Литмир - Электронная Библиотека

Все прошло спокойно и с неподражаемым величием.

Гостиная была ярко освещена. Баронесса, в своем роскошном туалете, со своим прекрасным, молодым лицом, обрамленным белыми волосами, походила на портрет какого-нибудь старинного мастера. Барон позировал, как всегда, и держал себя так, как будто у него 100.000 франков годового дохода.

Бедный человек! Он никак не может свыкнуться с мыслью о своей бедности. Он сохранил свой важный вид и привычки прежнего времени, когда он еще был окружен роскошью.

В девять часов вечера в гостиную вошел молодой Л. Он медленно поцеловал руку сначала у баронессы, затем у ее сестры и у графини В.

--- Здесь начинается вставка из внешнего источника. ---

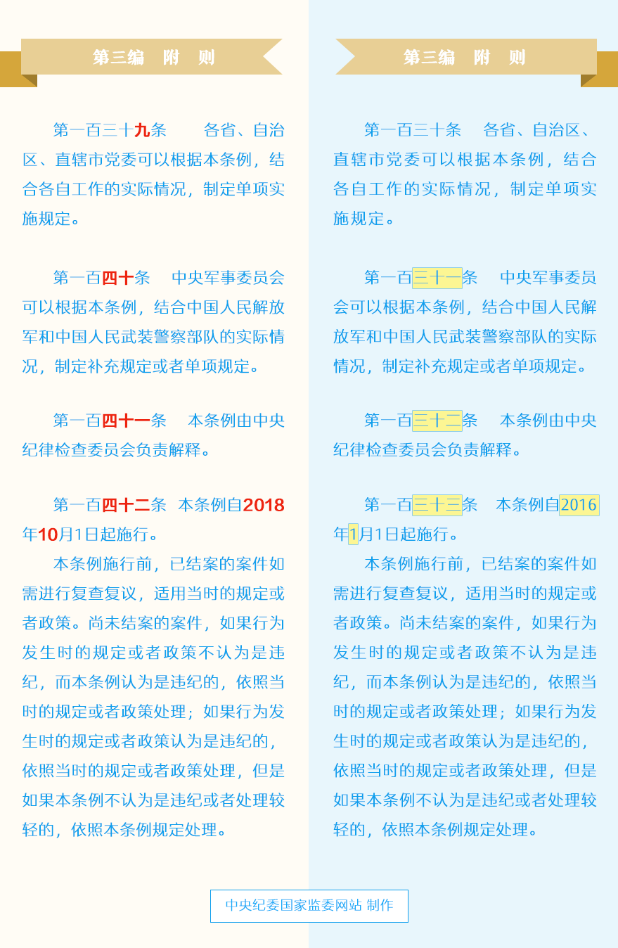 《中國(guó)共產(chǎn)黨紀(jì)律處分條例》修訂前后對(duì)照表
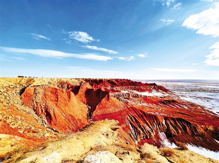 四子王旗大红山,赤色丹霞地貌与雪原戈壁相映,绘就塞北独有的苍茫壮阔。王锦业 摄
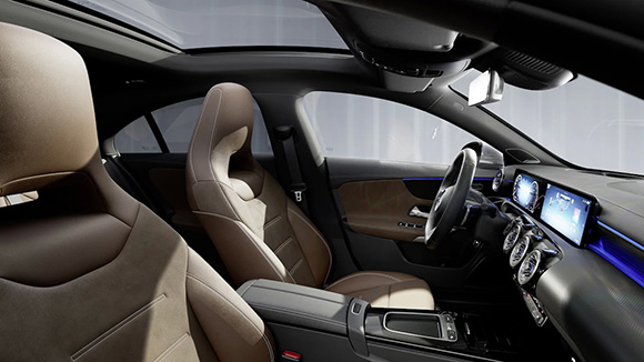 أما المقصورة الداخلية، فتجمع بين الفخامة والتقنيات الحديثة، مع نظام MBUX بشاشتين عريضتين، ومقاعد رياضية داعمة، وخامات عالية الجودة تعكس الطابع الفاخر للسيارة.
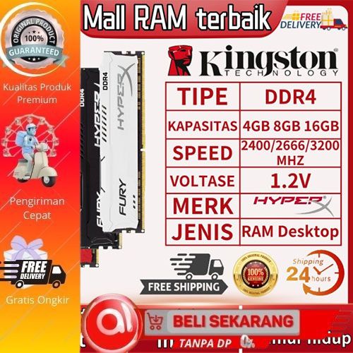 GRATIS/ KINGSTON HYPERX DDR4 RAM 4GB/8GB/16GB 2400/2666/3200MHZ DESKTOP - 4GB 2666MHZ, PUTIH

Все эти напудренные головы и платья со шлейфами казались привидениями прошлого века. Скоро принесли стол, и некоторые из гостей уселись за вист. Все вокруг торжественно смолкло.

Со вчерашнего дня мне все кажется, что я играю какую-то комедию.

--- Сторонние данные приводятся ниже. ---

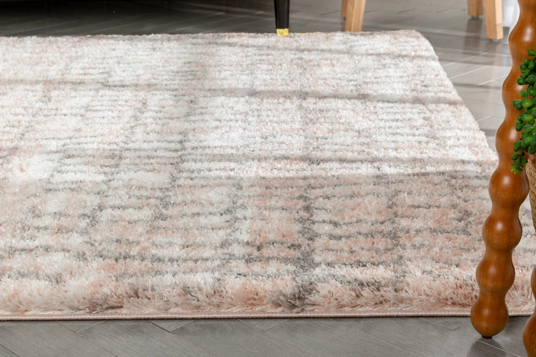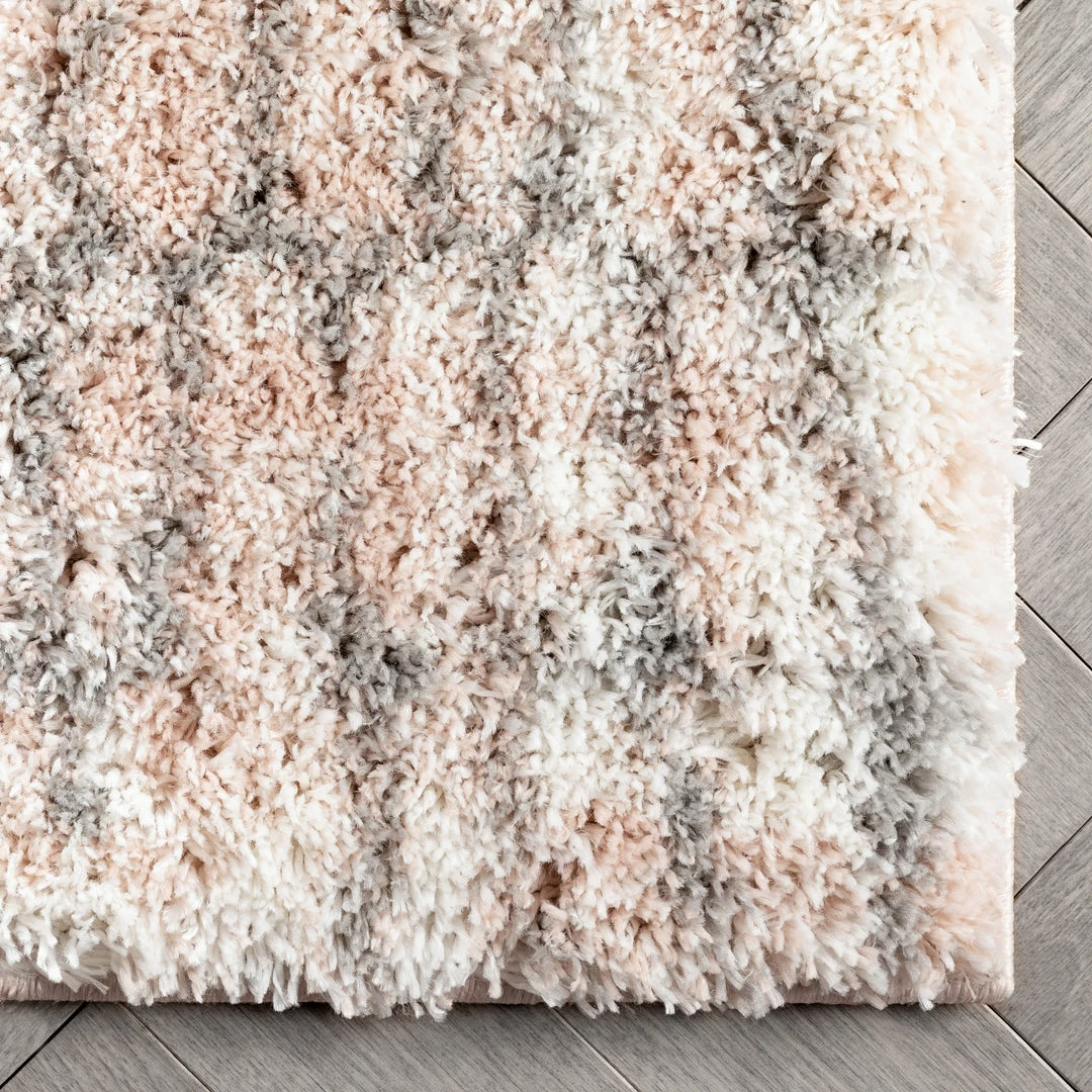 Well Woven Sintra Mid-Century Modern Geometric Pattern Blush Thick & Soft Shag Rug

Поймите, ведь это выходят официальные смотрины!..

Я наблюдала весь вечер за Л. К сожалению, мои наблюдения ни в чем не изменили моего первого впечатления. Говорю «к сожалению», во первых потому, что именно его положение в свете вполне соответствовало бы моим желаниям, а во вторых, потому, что я, с своей стороны, вполне отвечала бы его желаниям.

Но антипатии, как и симпатии, не зависят от нас. Мы не властны в наших чувствах.

Я беседовала спокойно и сдержанно, умно и грациозно. Это, однако, не мешало им в то же время восторгаться моим энергичным, решительным видом.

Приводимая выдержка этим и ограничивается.